> **PROBLEM TO SOLVE**: Pictures do not belong in the copy. Output exactly the lines from the one containing "সেনবাগে নোয়াখালী বিভাগের" to the end of the listing below.
=====
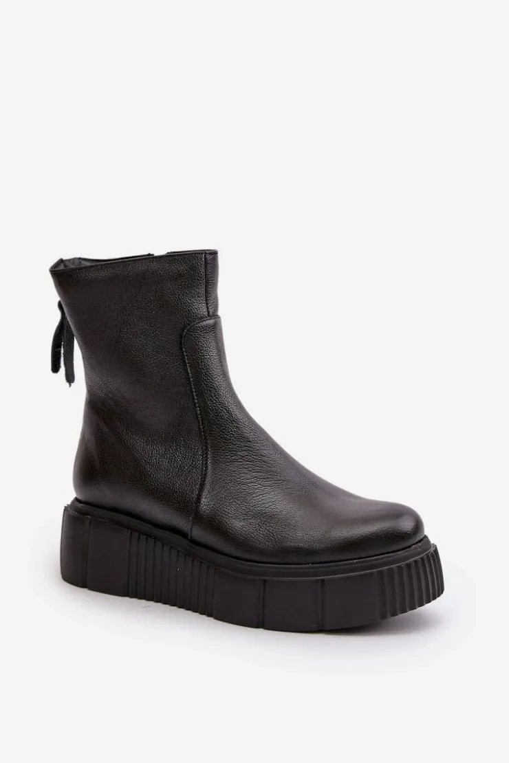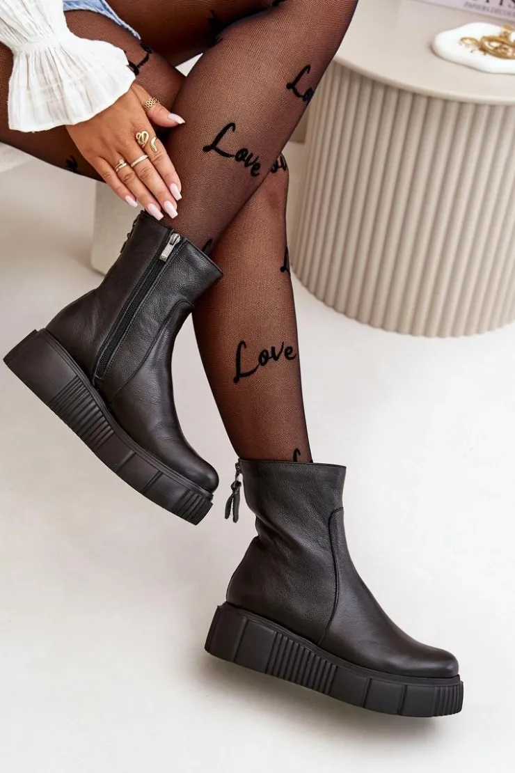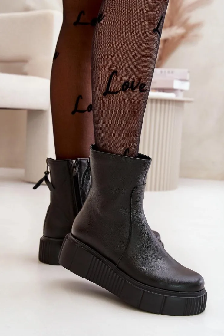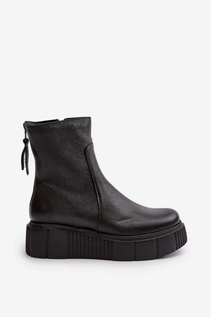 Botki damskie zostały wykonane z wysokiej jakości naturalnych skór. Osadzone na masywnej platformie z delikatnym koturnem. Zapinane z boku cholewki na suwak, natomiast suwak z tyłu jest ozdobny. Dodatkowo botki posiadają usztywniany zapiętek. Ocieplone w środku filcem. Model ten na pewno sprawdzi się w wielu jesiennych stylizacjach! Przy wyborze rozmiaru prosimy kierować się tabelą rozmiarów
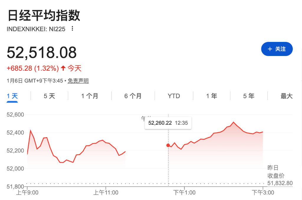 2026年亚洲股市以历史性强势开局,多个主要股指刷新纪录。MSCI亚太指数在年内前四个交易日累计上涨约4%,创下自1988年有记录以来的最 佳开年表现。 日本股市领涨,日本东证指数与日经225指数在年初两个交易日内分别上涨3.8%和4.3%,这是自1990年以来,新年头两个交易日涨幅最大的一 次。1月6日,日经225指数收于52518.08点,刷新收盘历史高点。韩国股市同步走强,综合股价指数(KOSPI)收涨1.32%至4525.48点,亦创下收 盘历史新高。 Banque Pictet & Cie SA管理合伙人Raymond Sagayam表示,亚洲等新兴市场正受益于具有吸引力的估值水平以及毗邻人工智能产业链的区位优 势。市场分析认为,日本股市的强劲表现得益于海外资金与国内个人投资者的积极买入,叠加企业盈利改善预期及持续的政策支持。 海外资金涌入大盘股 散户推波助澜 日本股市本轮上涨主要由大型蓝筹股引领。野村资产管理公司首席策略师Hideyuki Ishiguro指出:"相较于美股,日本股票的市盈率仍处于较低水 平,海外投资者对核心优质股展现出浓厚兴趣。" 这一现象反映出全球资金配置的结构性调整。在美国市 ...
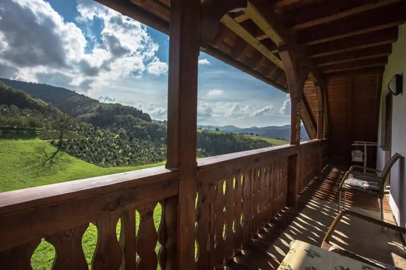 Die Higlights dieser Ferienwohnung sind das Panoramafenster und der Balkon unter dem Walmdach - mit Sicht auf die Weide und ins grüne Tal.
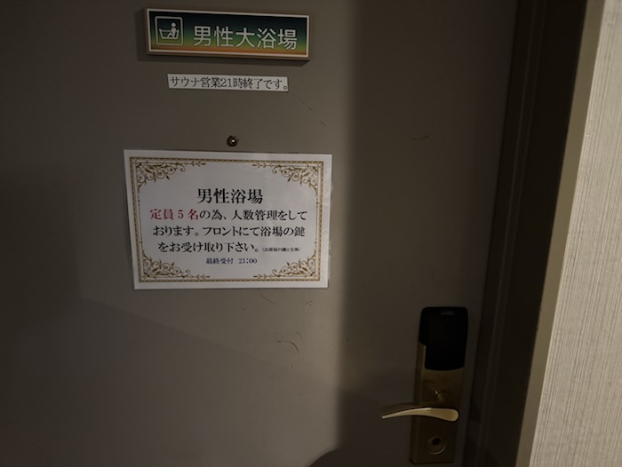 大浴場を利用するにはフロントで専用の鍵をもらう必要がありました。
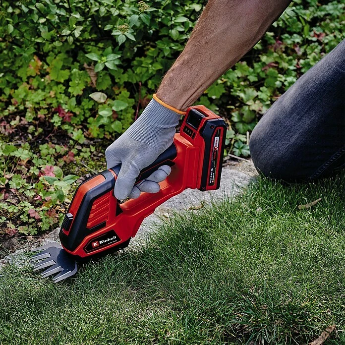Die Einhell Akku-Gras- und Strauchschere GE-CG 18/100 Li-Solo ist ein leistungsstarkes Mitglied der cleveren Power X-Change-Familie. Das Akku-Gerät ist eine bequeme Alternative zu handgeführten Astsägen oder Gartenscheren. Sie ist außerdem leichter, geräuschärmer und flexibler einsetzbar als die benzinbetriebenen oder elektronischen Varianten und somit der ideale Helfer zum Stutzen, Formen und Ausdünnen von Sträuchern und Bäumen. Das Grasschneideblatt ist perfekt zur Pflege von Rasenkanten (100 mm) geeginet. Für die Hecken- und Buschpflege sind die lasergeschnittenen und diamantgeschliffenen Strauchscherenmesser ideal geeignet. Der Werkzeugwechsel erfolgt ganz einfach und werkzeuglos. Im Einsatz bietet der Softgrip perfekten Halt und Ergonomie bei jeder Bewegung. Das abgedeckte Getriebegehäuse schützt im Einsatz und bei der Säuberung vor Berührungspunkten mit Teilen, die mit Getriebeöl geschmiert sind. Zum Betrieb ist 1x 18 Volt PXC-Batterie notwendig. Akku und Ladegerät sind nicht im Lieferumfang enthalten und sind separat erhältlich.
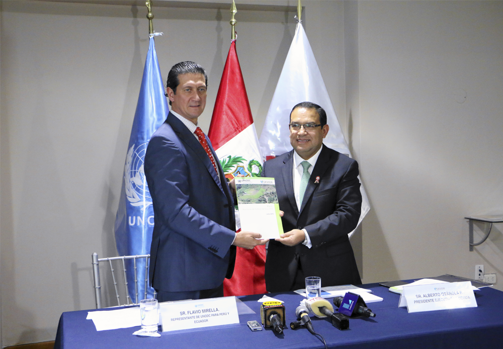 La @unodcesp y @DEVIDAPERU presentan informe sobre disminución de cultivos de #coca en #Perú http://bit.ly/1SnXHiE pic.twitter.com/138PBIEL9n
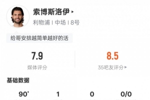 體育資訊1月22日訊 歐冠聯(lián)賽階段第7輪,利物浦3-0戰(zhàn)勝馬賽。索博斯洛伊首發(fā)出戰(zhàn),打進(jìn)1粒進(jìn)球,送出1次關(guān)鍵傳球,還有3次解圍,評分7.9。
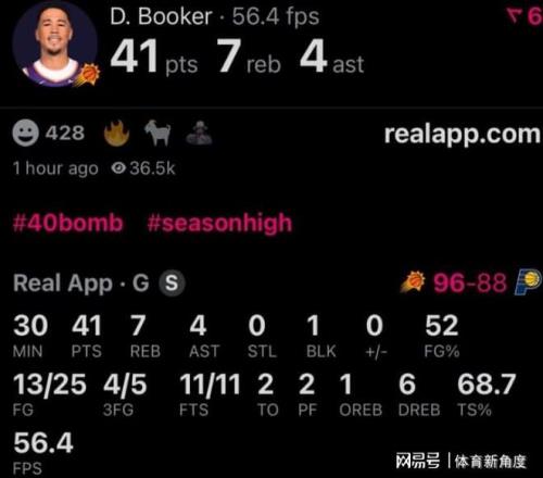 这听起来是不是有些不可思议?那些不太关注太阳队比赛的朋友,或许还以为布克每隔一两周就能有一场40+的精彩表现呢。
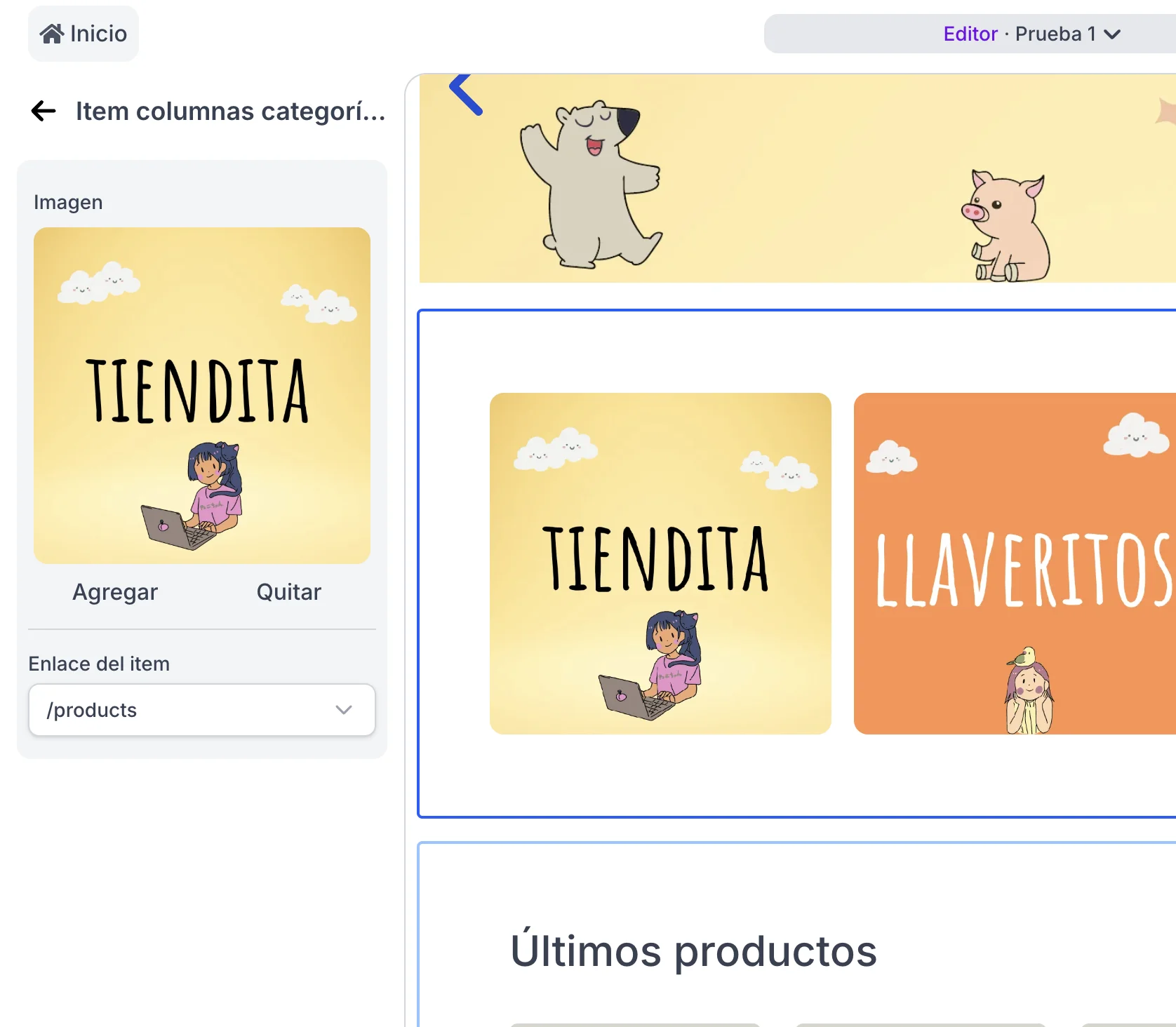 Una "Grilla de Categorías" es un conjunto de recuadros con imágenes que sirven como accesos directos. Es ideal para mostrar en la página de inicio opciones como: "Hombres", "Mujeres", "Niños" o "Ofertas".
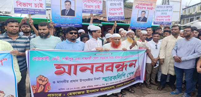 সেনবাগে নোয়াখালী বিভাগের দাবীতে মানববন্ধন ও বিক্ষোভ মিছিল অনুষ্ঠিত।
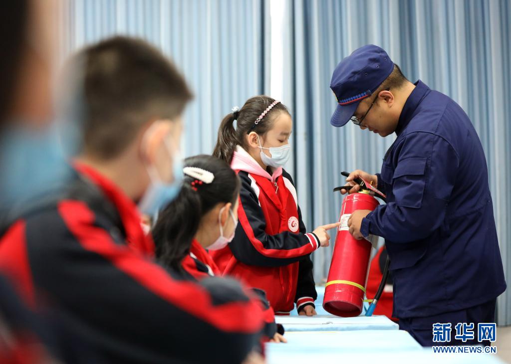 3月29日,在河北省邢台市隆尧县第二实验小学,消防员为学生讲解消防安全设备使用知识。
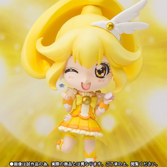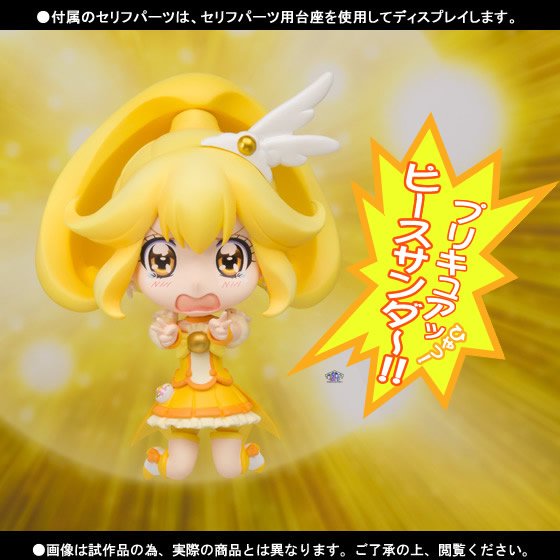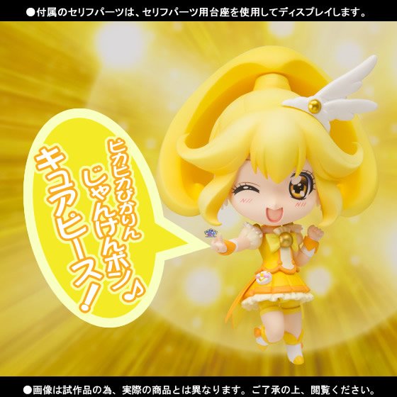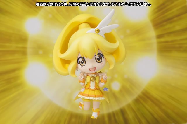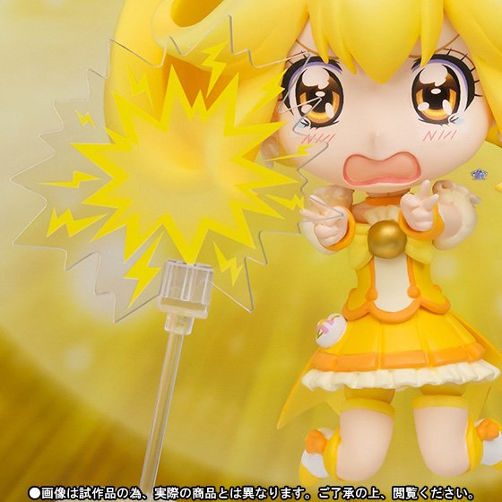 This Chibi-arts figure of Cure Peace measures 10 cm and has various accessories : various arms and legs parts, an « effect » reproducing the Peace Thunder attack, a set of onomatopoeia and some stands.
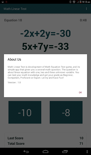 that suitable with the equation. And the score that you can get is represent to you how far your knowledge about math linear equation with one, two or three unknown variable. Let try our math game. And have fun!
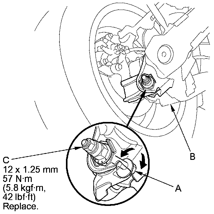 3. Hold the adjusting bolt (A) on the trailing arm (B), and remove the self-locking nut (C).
=====
> **EXERCISE SOLUTION**:
 সেনবাগে নোয়াখালী বিভাগের দাবীতে মানববন্ধন ও বিক্ষোভ মিছিল অনুষ্ঠিত।
 3月29日,在河北省邢台市隆尧县第二实验小学,消防员为学生讲解消防安全设备使用知识。
 This Chibi-arts figure of Cure Peace measures 10 cm and has various accessories : various arms and legs parts, an « effect » reproducing the Peace Thunder attack, a set of onomatopoeia and some stands.
 that suitable with the equation. And the score that you can get is represent to you how far your knowledge about math linear equation with one, two or three unknown variable. Let try our math game. And have fun!
 3. Hold the adjusting bolt (A) on the trailing arm (B), and remove the self-locking nut (C).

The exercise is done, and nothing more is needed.